In total, Upper Necaxa has around 30 classificatory prefixes.

The following table compares the numeral bases of six Totonacan languages.

|  | Tepehua |  |  | Totonac |  |  |
| Huehuetla | Pisaflores | Tlachichilco | Upper Necaxa | Papantla | Misantla |
| 1 | -tam | -tam | -tawm | -tin | -tum | -tun |
| 2 | -t’ui | -t’ui | -t’ui | -tṵ | -tṵy | -tṵʔ |
| 3 | -t’utu | -t’utu | -t’útu | -tṵtún | -tṵ́:tu | -atún |
| 4 | -t’at’ɪ | -t’aːt’i | -t’áːt’i | -táːtḭ | -táːtḭ | -ta̰ːt |
| 5 | -kis | -kiːs | -kiːs | -kitsís | -kitsís | -kítsis |
| 6 | -čašan | -čášan | -čášan | -čašán | -čašán | -čaːšán |
| 7 | -tuhun | -tuhún | -tuhún | -toxón | -tuxún | -tuhún |
| 8 | -ts’ahin | -tsahín | -tsahín | -tsayán | -tsayán | -tsiyán |
| 9 | -nahats | -naháːtsi | -naháːtsi | -naxáːtsa | -naxáːtsa | -naháːtsa |
| 10 | -kau | -kaw | -kaw | -kaux | -kaw | -kaːwi |

===Sound symbolism===
A prominent feature of Totonacan languages is the presence of sound symbolism. The most common (but by no means only) sound-symbolic pattern in Totonacan involves fricative alterations, typically /s/ ~ /š/ ~ /ɬ/ and occasionally /ts/ ~ /č/ ~ /š/ correlated either with increasingly more energetic or forceful action or with the size of an event participant, as in the following examples from Upper Necaxa Totonac:
| laŋs ‘hand striking hard’ laŋš ‘blow striking with force’ laŋɬ ‘blow striking with great force’ | | spipispipi ‘small person or animal trembling’ špipišpipi ‘person or animal shivering or shaking slightly’ ɬpipiɬpipi ‘person or animal shaking or having convulsions’ |
Comparative as well as language-internal evidence suggests that the pattern of consonantal alternations may have their origins in affixes indicating grade—s- ‘diminutive‘, š- ‘medium’, ɬ- ‘augmentative’). In general, the productivity of the sound-symbolic alternations is highly variable within and across languages of the family, and many languages preserve for a given stem only one of a set of two or three alternates that can be reconstructed for proto-Totonacan.

==Totonacan vocabulary==
The following selection of Proto-Totonacan reconstructions and descendants is taken from MacKay and Trechsel (2018), using data from several other studies. The reconstructions and descendants are written in Americanist notation.

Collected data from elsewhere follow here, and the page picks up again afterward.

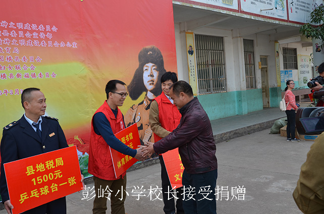今年的全县"学雷锋结对帮扶"活动在横县新福镇彭岭小学广场隆重举行,上午10点,由县委宣传部副部长、县文明办主任零余君宣布活动正式开始,县内16个区市文明单位参加了此次活动。其中横县图书馆与横县新福镇彭岭小学结对子,由县图书馆王遇璐馆长率图书馆志愿者服务队一行,给彭岭小学500多名师生带去了1500元体育用品一批。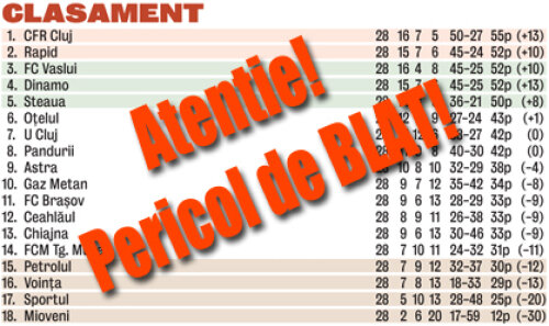 Liga 1 nu scapă de blaturi. Adrian Porumboiu a acuzat făţiş că meciul CFR- Oţelul 2-0 ar fi fost aranjat. Gigi Becali a spus la fel despre Dinamo - Ceahlăul 3-2, Chiajna - Dinamo 1-3 şi Vaslui - Astra 2-1, în timp ce Gheorghe Ştefan şi-a acuzat propriii jucători la înfrîngerea cu CFR, 0- 2, de sîmbăta trecută.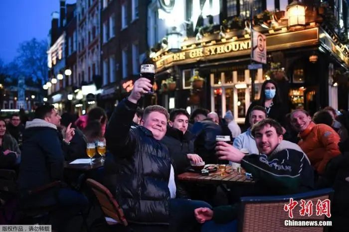 ▲资料图:当地时间2021年4月12日,英国进入放松禽H1N1封锁措施的第二阶段。酒吧解封的第一晚,伦敦大批民众在市中心喝酒跳舞,场面宛如狂欢节。

|  |  | Totonac |  |  |  |  |  |  |  | Tepehua |  |  |
| Proto-Totonacan |  | Misantla | Apapantilla | Upper Necaxa | Filomeno Mata | Highland |  |  | Papantla | Pisaflores | Huehuetla | Tlachichilco |
| reconstruction | gloss | Zapotitlán | Coatepec | Ozelonacaxtla |
| *ɬk’ak’a | 'ash(es)' | ɬká̰k | ɬka̰ka̰n | ɬka̰kán | ɬká̰ka̰ | ɬka̰ka̰ | ɬkakáʔ | ɬká̰ka̰ | ɬká̰ka̰ | ɬk’ák’a | ɬk’ak’a | ɬk’ák’a |
| *ƛaha-ya | 'wins; earns' | ɬáahá | ƛahá | ɬaxá | ƛahá | ƛahay | ƛaha- | ƛaháy | ƛahá | ɬaháay | ɬaháy | ɬaháay |
| *q’aaši | 'gourd' | qá̰a̰š | qa̰a̰š | ʔa̰a̰š | qá̰a̰ši | qa̰a̰šḭ | qa:šíʔ | qá̰a̰šḭ | qá̰a̰šḭ | ʔá̰a̰ši | ʔaaš | ʔaš |
| *¢’uq’-ya | 'writes' | ¢ɔ̰́χ | ¢o̰qa | ¢ó̰ʔa | ¢ɔ́qḁ | ¢o̰qa | ¢uqa | ¢ɔ̰qnán | ¢ó̰qa | ¢’ɔ́ʔa | ¢’oqa | ¢’oʔa |
| *p’ašni | 'pig' | pá̰šnḭ | pa̰šnḭ | pá̰šnḭ | pá̰šn̥i̥ | pa̰šnḭ | pašniʔ | pá̰šnḭ | pa̰šni | ɓá̰šn̥i̥ | p’aš | p’ašni |
| *kiɬni | 'mouth' | kíɬnḭ | kiɬnḭ | kíɬnḭ | kíɬni̥̰ | kiɬnḭ | kiɬniʔ | kíɬnḭ | kiɬni | kíɬn̥i̥ | kiɬ | kiɬna |
| *čiwiš | 'stone' | čɪ́wɪš | čiwiš | čiwíš | číwiš | číwiš | čɪ́wiš | číwiš | číwiš | číʔṵši̥ | čiiuš | číyuš |
| *maa-ɬi | 'is lying down' | má̰a̰ɬ | ma̰a̰ | maaɬ | máa̰h | ma̰h | má | máh | má | máaɬ | maaɬ | maa |

==Media==
Totonacan-language programming is carried by the CDI's radio station XECTZ-AM, broadcasting from Cuetzalan, Puebla.